● Assignment
An exact copy of the lines of the listing below between the "En este contexto, todos" line and the "И, наконец, величественная" line, both included, is the whole answer; please omit the pictures.

● Dataset entries
※ ※ ※

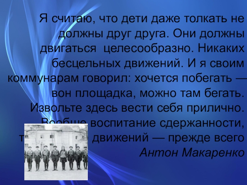 должны двигаться  целесообразно. Никаких бесцельных движений. И я своим коммунарам говорил: хочется побегать — вон площадка, можно там бегать. Извольте здесь вести себя прилично. Вообще воспитание сдержанности, торможение движений — прежде всего Антон Макаренко
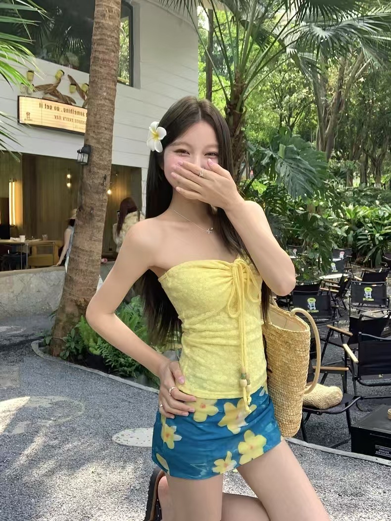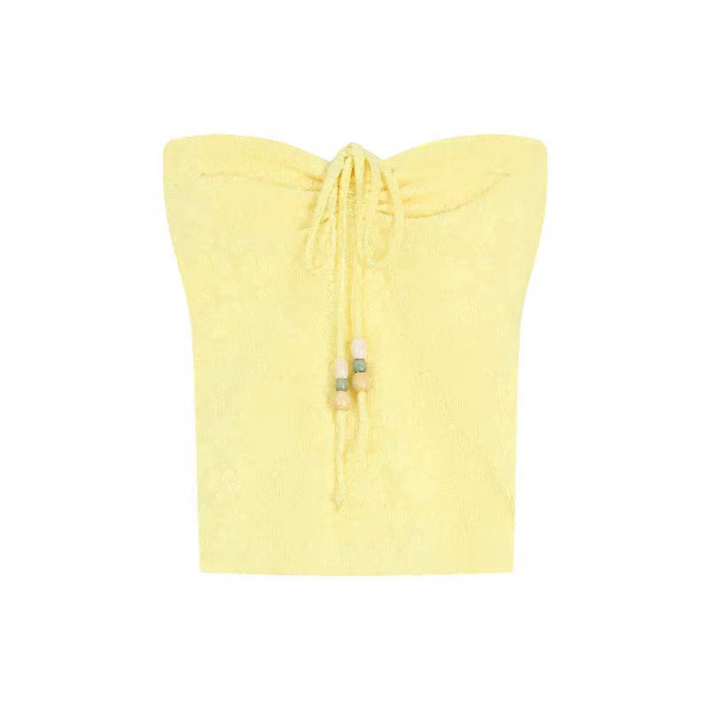 프랑스 달콤한 도파민 노란색 Halter Camisole 여성 여름 의상 해변 휴가 용 짧은 정상
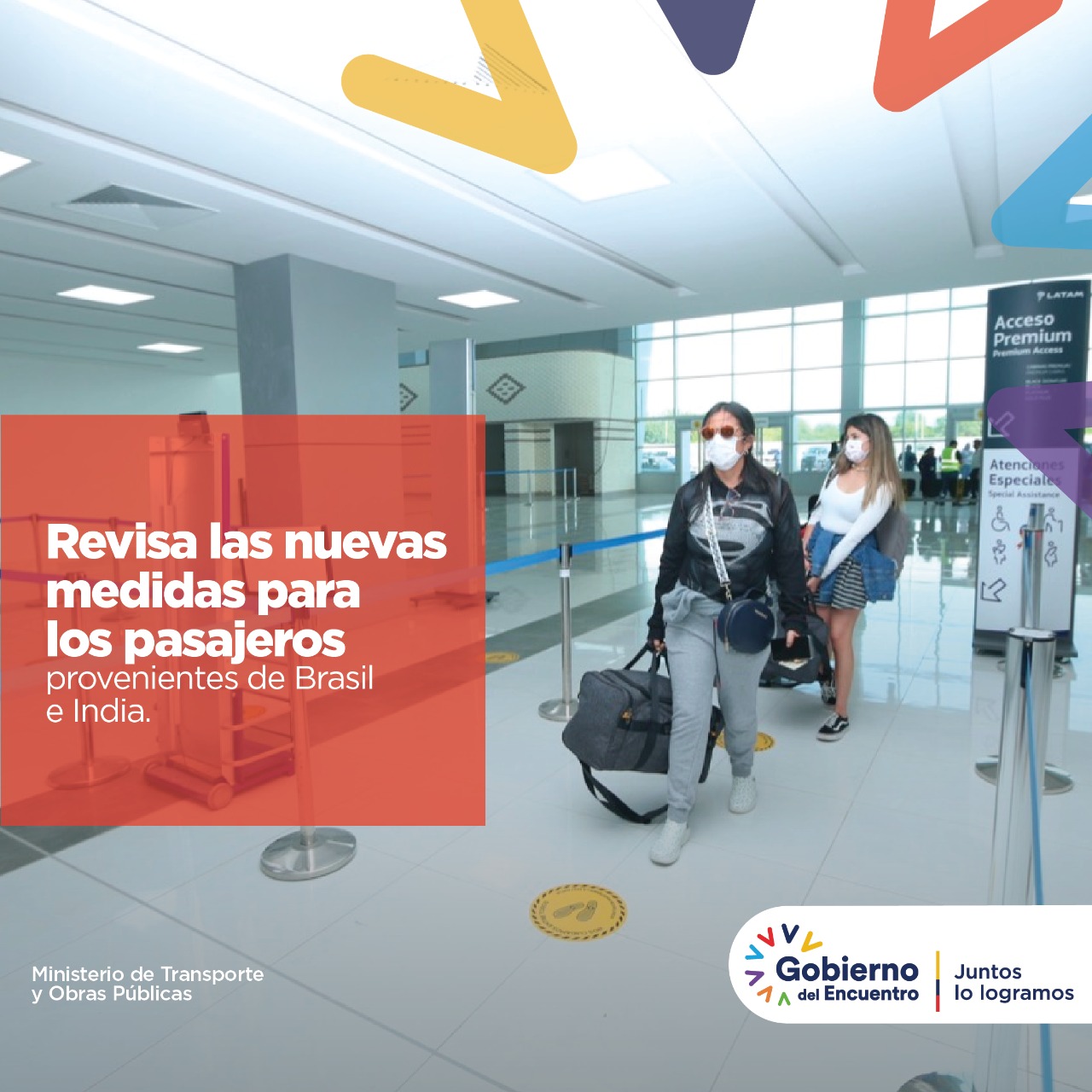 En este contexto, todos los pasajeros cuyo punto de origen, escala o tránsito sea Brasil e India deben presentar un resultado negativo de la prueba RT-PCR con vigencia de 72 horas previas al embarque. Este requisito es obligatorio, independientemente si los viajeros están vacunados.
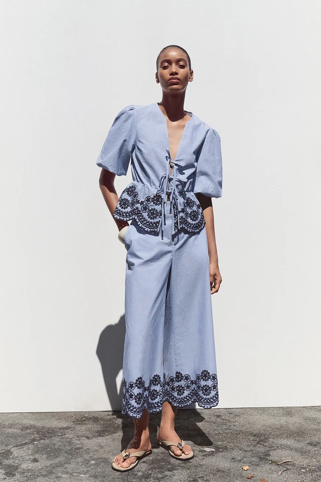 STRIPED CULOTTES WITH EMBROIDERY
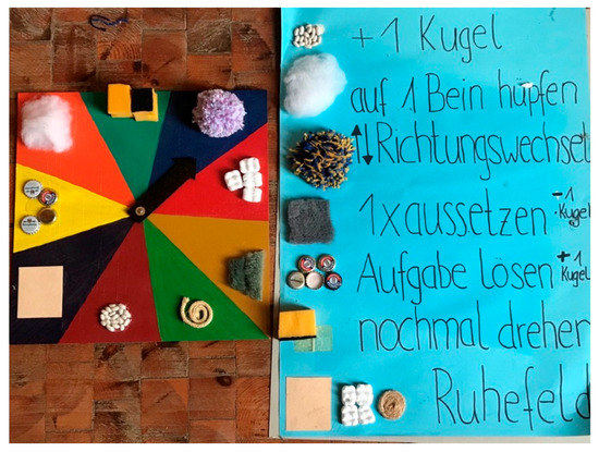 This is an example, from the Lippoldsberg Klinik, of older art therapies combined into a tactile game for patients, which helps them engage with social rules, sequences, color, texture, and shape.
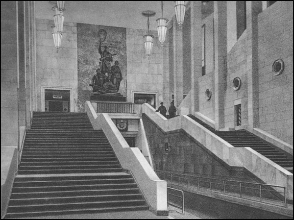 И, наконец, величественная скульптурная группа «Сталин и молодежь» (скульпторы Е. П. Блинова и П. А. Баландин). Впоследствии ее заменили на панно тех же авторов с портретом В. И. Ленина, гербом СССР, союзных республик и изображениями городов-героев Ленинграда, Сталинграда, Севастополя и Одессы. А сейчас там переход на ТКЛ.
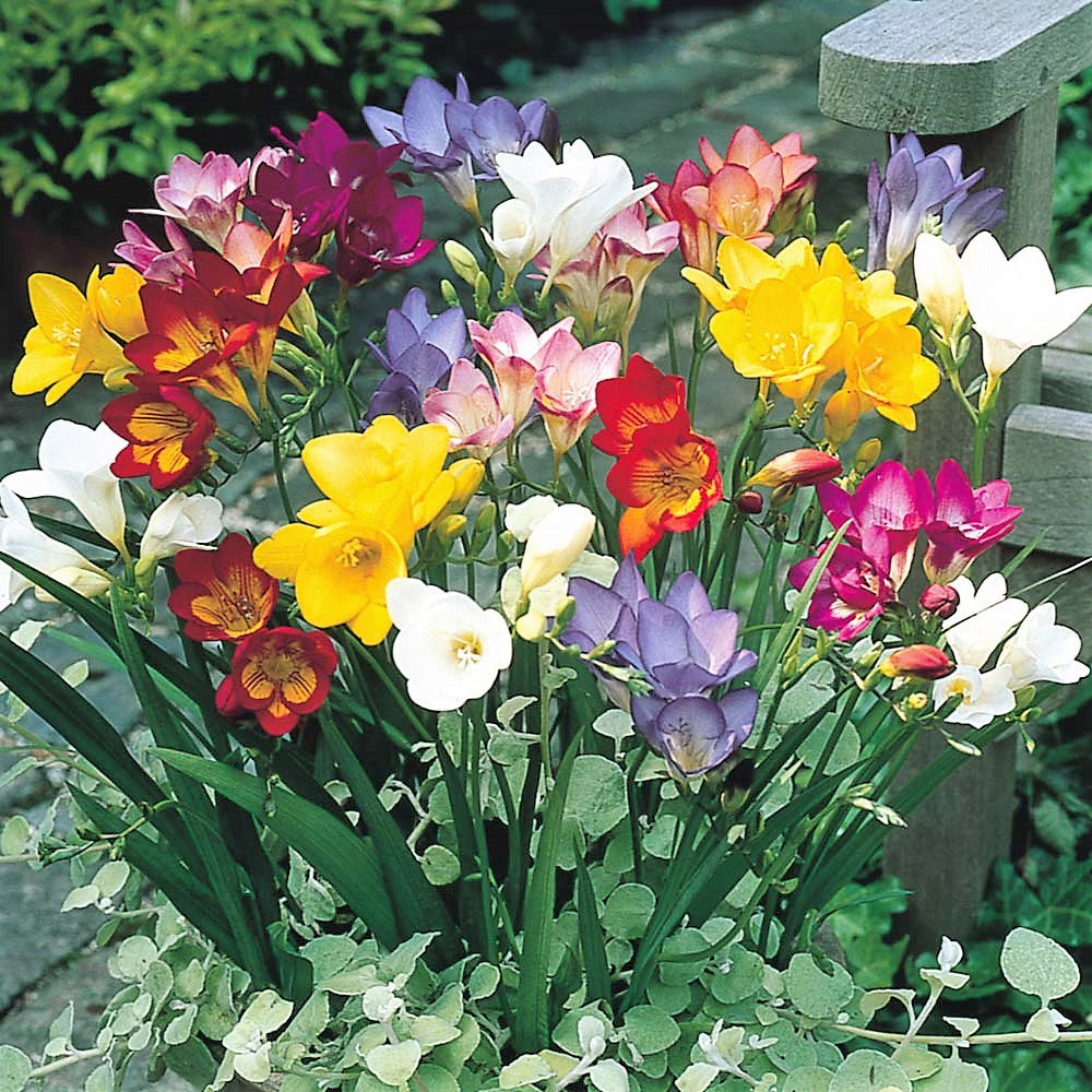 This mixed variety of Single Freesia is a must-have for any garden. With its upright stems and scented trumpet flowers, this deciduous perennial adds a touch of elegance and sweet fragrance to any landscape. Perfect for summer, enjoy the benefits of a glorious and not overly-sweet scent.
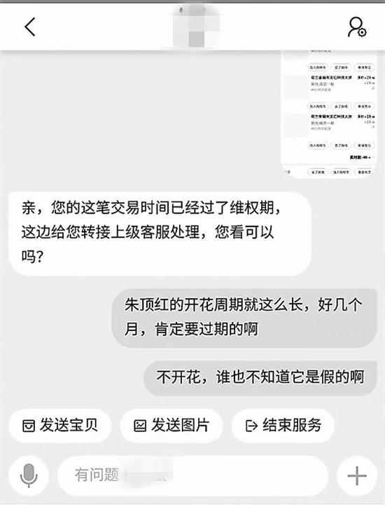 今年春节前,朱顶红终于抽出了花剑,又长出了骨朵。但张小姐却开始疑惑:“我买的几个种球都是不同的花色,可挂了骨朵的颜色都是一样的。”张小姐还是有点儿不死心,一直等到4棵朱顶红全都开放,才最终不得不承认上当了,4棵无一例外都是单瓣国产朱顶红。“再打开我的订单,发现产品已经下架。而且图片也都被删除了,无从对比。我多次联系客服,也没有人理我。申请售后,显示‘没有可发起的纠纷类型’。”张小姐说起来仍然很气愤,“最可气的是,当初我还给出了五星好评,现在也不能改了。”
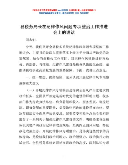 / 县税务局长在纪律作风问题专项整治工作推进会上的讲话
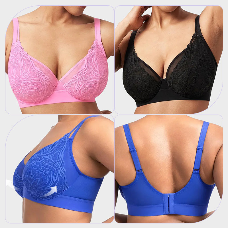 Featuring delicate lace cups, double-layer mesh construction, a wide supportive underband, and a flexible underwire, this bra beautifully balances style and function. It lifts, contours, and supports naturally, while breathable fabrics keep you cool. Ideal for daily confidence or special occasions, it’s the perfect blend of elegance and comfort.
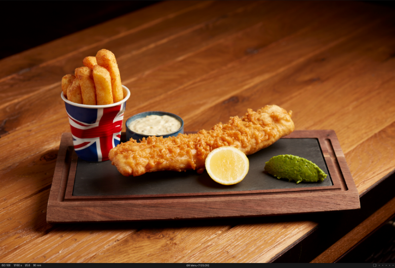 英式美食酒吧戈登拉姆齐英式酒吧则主打经典菜肴,包括新喀里多尼亚鸡尾酒虾配黄瓜及柠檬龙蒿蛋黄酱,和招牌炸鱼薯条——选用爱尔啤酒炸浆、线捕黑线鳕鱼、三炸薯条,搭配豌豆泥及塔塔酱。
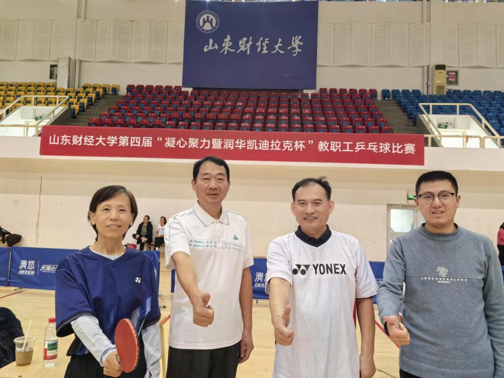 第四届“凝心聚力暨润华凯迪拉克杯”教职工乒乓球比赛在舜耕校区体育馆举行。学校党委副书记谢申祥、工会主席邱博等出席。
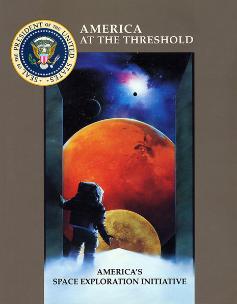 The purpose of the Outreach Program was to “cast a wide net” for innovative ideas throughout the country. Those who chose to respond to the direct mailings, mass advertising, and other outreach methods included everyone from members of the American Institute of Aeronautics and Astronautics to everyday citizens, including some schoolkids who were just space buffs. All of the ideas submitted, in a strictly designated format, were systematically catalogued, reviewed, and ultimately integrated by a Synthesis Group, composed of military, other government, academic, and industry experts. The final report, America at the Threshold, was presented to the president in May of 1991.

※ ※ ※

● Solved exercise
 En este contexto, todos los pasajeros cuyo punto de origen, escala o tránsito sea Brasil e India deben presentar un resultado negativo de la prueba RT-PCR con vigencia de 72 horas previas al embarque. Este requisito es obligatorio, independientemente si los viajeros están vacunados.
 STRIPED CULOTTES WITH EMBROIDERY
 This is an example, from the Lippoldsberg Klinik, of older art therapies combined into a tactile game for patients, which helps them engage with social rules, sequences, color, texture, and shape.
 И, наконец, величественная скульптурная группа «Сталин и молодежь» (скульпторы Е. П. Блинова и П. А. Баландин). Впоследствии ее заменили на панно тех же авторов с портретом В. И. Ленина, гербом СССР, союзных республик и изображениями городов-героев Ленинграда, Сталинграда, Севастополя и Одессы. А сейчас там переход на ТКЛ.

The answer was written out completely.